Seniors’ Centenary Salver success for Geoff Walden at a sun-kissed East Devon

PUBLISHED: 13:00 07 July 2018

East Devon golf club. Ref exsp 25 17TI 5423. Picture: Terry Ife

East Devon golf club. Ref exsp 25 17TI 5423. Picture: Terry Ife


Round Five of the Seniors’ Centenary Salver competition was played at East Devon, writes Paul Willoughby.

This is a competition fought for by the Seniors throughout the summer, and the winner will be the player who has the four best rounds.

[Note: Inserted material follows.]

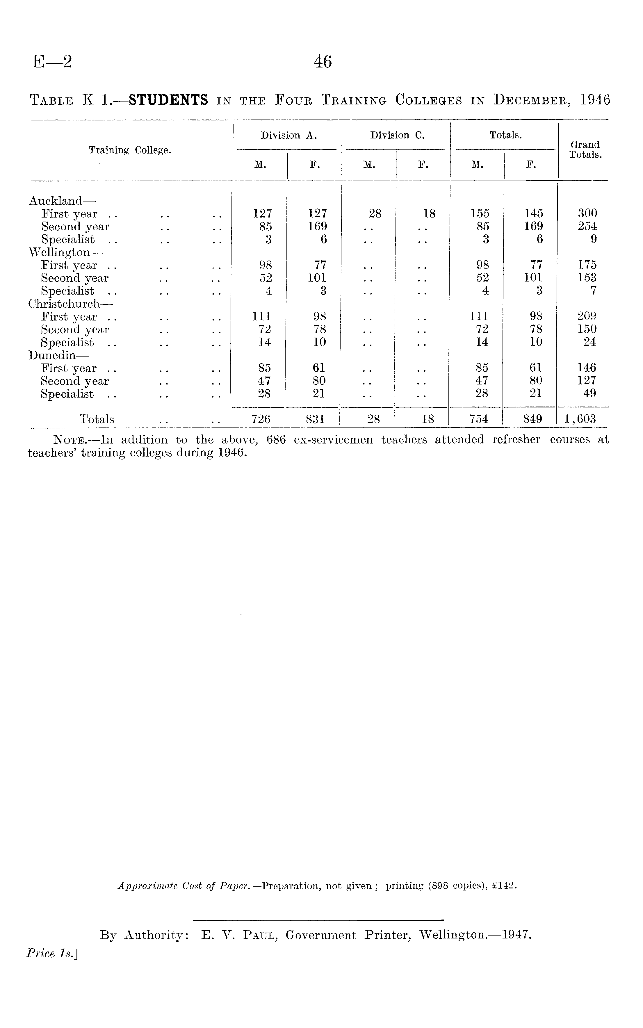 Division A. Division 0. Totals. G-rand 1 raining College. Totals. M. F. M. F. M. F. Auckland — First year 127 127 28 18 155 145 300 Second year 85 169 85 169 254 Specialist 3 6 3 6 9 Wellington— First year 98 77 98 77 175 Second year 52 101 52 101 153 Specialist 4 3 4 3 7 Christchurch — First year 111 98 111 98 209 Second year 72 78 72 78 150 Specialist 14 10 14 10 24 Dunedin— First year 85 61 85 61 146 Second year 47 80 47 80 127 Specialist 28 21 28 21 49 Totals 726 831 28 18 754 849 1,603 Note. —In addition to the above, 686 ex-servicemen teachers attended refresher courses at teachers' training colleges during 1946.

The weather was as you remember – blue skies, just enough wind to make the flags flap languorously (don’t you just love that word?) but hard ground with the ball bouncing all over the place, often in the wrong direction. However, although we will never beat the weather, we’ve come a long way in golf ball design. The first balls were made of wood, then came the ‘featherie’ - a leather ball stuffed with feathers. Gutta Percha followed using the sap from the Sapodilla tree from Malaysia.

Then there was the wound ball (like lots of elastic bands wound together with a hard cover) followed by liquid centre balls and lastly, the solid balls that we know today. Dimpling (does dimple really have a verb?) a golf ball was invented in the early 1900s and gave the player more control of the trajectory, flight and spin of the ball. Now, all makes of golf ball have dimples – between 250 and 450 per ball (some are even tetrahedral – I bet you weren’t expecting that!) and they can be any shape provided they are symmetrical over the face of the ball. Here my Wikipedia article goes into aerodynamics and I can imagine your eyes glazing over.

However, one last fact might wake you up; an estimated 1.2 billion balls are manufactured every year and an estimated 300 million are lost in the US alone. I’ve never played golf in the USA but I have often contributed to the latter figure here in the UK!

Remember the yardstick; if a player plays to his handicap then he will score 36 points. Anything over that is excellent and anything lower means more practice is required. The winner of this week’s SCS who, presumably didn’t lose any balls, was Geoff Walden who had an excellent score of 40 points from a handicap of 11, now 10. Well done, Geoff. Hard on his heels, also with 40 points, but second on countback, was Barry Devetta from a handicap of 10. Excellent play, Barry. Eric James was third with 39 (16) and Jim Millin was fourth with 38 points (14). Robin Grenyer and Alan Baker came fifth and sixth with 37. There were eight twos, but one player didn’t enter the sweep; the remainder share the pot of £91.